The above generator comprehension is roughly equivalent to:

```
for base in base_match:
for n in matched_neighbors(base, word[1], matrix, row_len, col_len):
yield complete_line(base, n, word_len, row_len, col_len)
```

After the creation of the `new`

variable, we now start going through its values one by one:

`[ero for ero in new if convert_to_word(ero, matrix) == word]`

This list comprehension above will filter the `new`

and the resulting list will only contain coordinates that, when converted to its word counterpart, match the original word we wanted to find.

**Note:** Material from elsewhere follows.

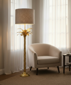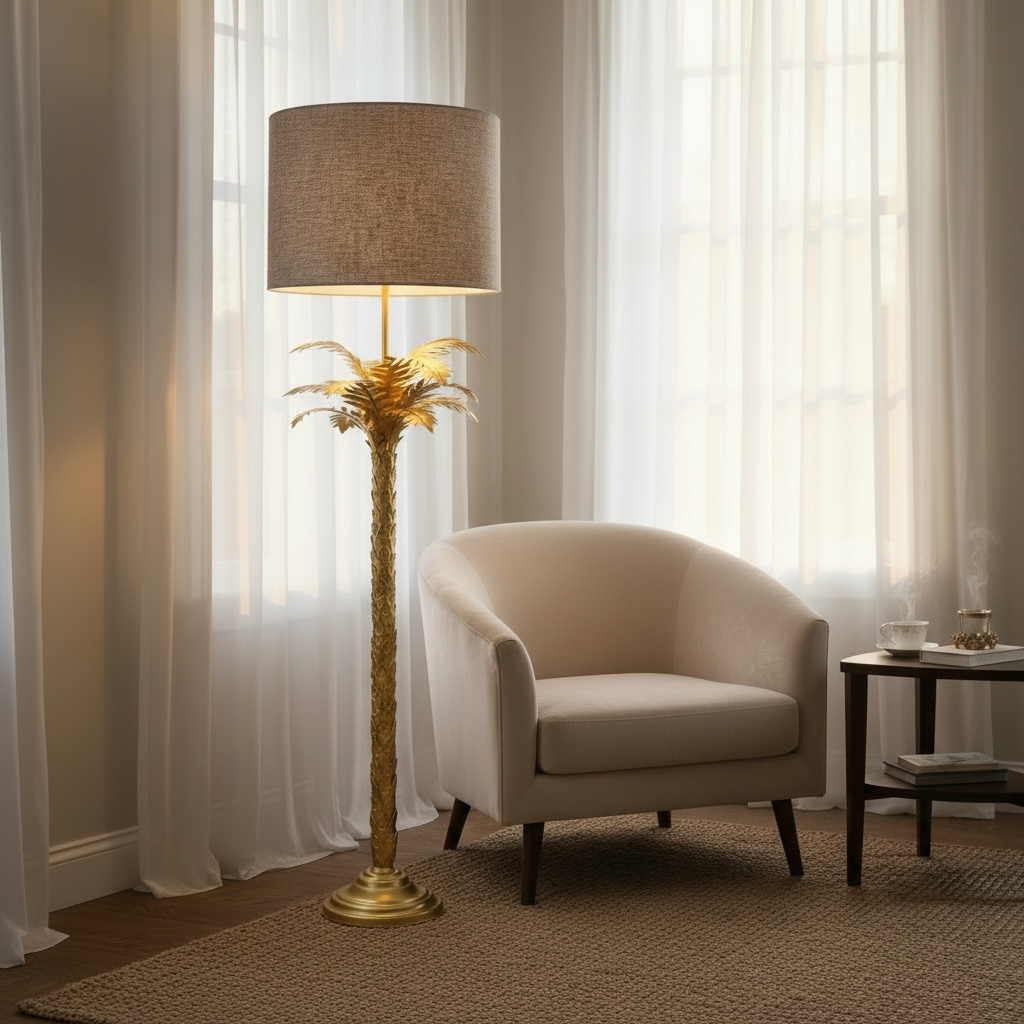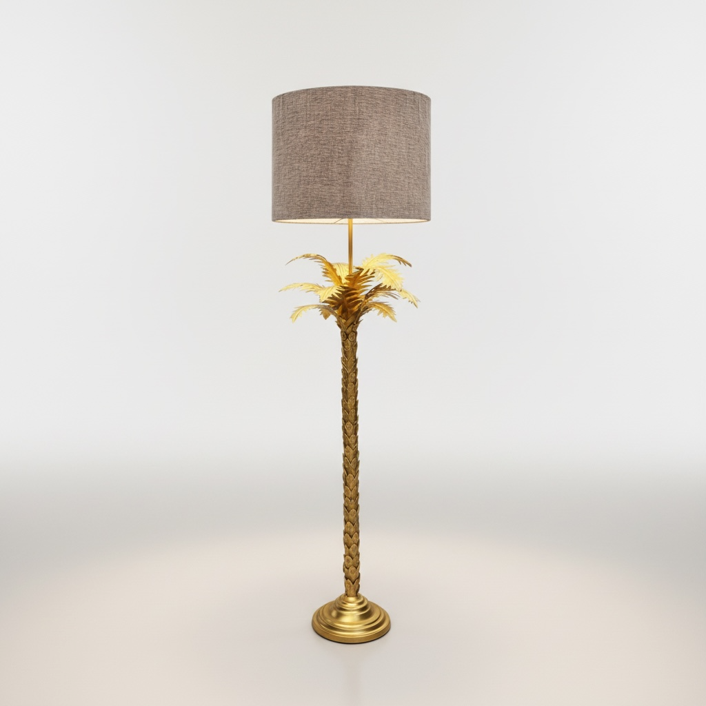 Elegant palm tree floor lamp with a sculptural trunk and detailed frond canopy in a warm gold finish. Topped with a neutral shade, it adds a refined tropical touch—perfect for coastal or Palm Beach–style interiors.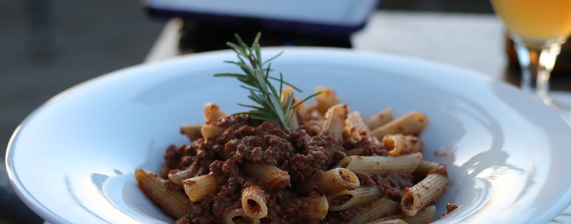 - In einem extra Topf die Makkaroni kochen und nach dem Abgießen diese in einem tiefen Teller mit dem fertig geschmorten Fleisch anrichten.

Attempting to find the word `dog`

inside our matrix returns a list of lists containing matched coordinates:

```
>>> base_match = find_base_match('dog'[0], matrix)
>>> core.complete_match('dog', matrix, base_match, 3, 3, 4)
[[(0, 0), (0, 1), (0, 2)], [(0, 0), (1, 0), (2, 0)],
[(0, 0), (1, 1), (2, 2)], [(2, 3), (1, 3), (0, 3)]]
```

##### find_matches

```
def find_matches(word, grid, separator='\n'):
word_len = len(word)
matrix = matrixify(grid, separator)
row_len, column_len = len(matrix), len(matrix[0])
base_matches = find_base_match(word[0], matrix)
if column_len < word_len > row_len or not base_matches:
return []
elif word_len == 1:
return base_matches
return complete_match(word, matrix, base_matches, word_len, row_len,
column_len)
```

This function will serve as the helper of our main function. Its ultimate goal is to output a list containing the coordinates of all the possible matches of `word`

inside `grid`

. For general purposes, I defined four variables:

- The
`word_len`

variable whose value is the length of the`word`

argument, which will generally be useful throughout the script - The
`matrix`

variable whose value we get through giving`grid`

to our`matrixify`

function, which will allow us to later be able to index contents of the matrix through its row and column indices. - The
`row_len`

and the`column_len`

variable of`matrix`

`base_matches`

which contain the coordinates of all the first letter matches of`word`

After the variables, we will do some sanity checks:

```
if column_len < word_len > row_len or not base_matches:
return []
elif word_len == 1:
return base_matches
```

The above `if elif`

statement will check if the length of `word`

is longer than both the `column_len`

and `row_len`

and also checks if `base_matches`

returns an empty list. If that condition is not satisfied, it means that `word`

can fit inside the matrix, and `base_matches`

found a match! However, if the length of `word`

is 1, we simply return `base_matches`

.

If the word is longer than 1, we then pass the local variables to `complete_match`

for further processing.

Given `dog`

, the string chain `dogg oogo gogd`

, and the `' '`

separator as arguments:

```
>>> find_matches('dog', 'dogg oogo gogd', ' ')
[[(0, 0), (0, 1), (0, 2)], [(0, 0), (1, 0), (2, 0)],
[(0, 0), (1, 1), (2, 2)], [(2, 3), (1, 3), (0, 3)]]
```

Voila! This is the list, which contain lists of coordinates where the word `dog`

matched inside `dogg oogo gogd`

!

##### wordsearch

```
def wordsearch(word, string_grid, separator='\n'):
return len(find_matches(word, string_grid, separator))
```

This function simply returns the number of matches of running

`find_matches(word, string_grid, separator='\n'):`

```
>>> wordsearch('dog', 'dogg oogo gogd', ' ')
4
```

There are 4 matches of `dog`

inside `dogg oogo gogd`

!

## Closing remarks

Remember, it’s never a bad idea to go back to using pen and paper to solve programming problems. Sometimes, we express ideas better using our bare hands, and to top it off, a good ol’ break from the monitor and from the walls of code could just be what you need for a breakthrough—just like when I got stuck thinking about how I should implement my complete_line function!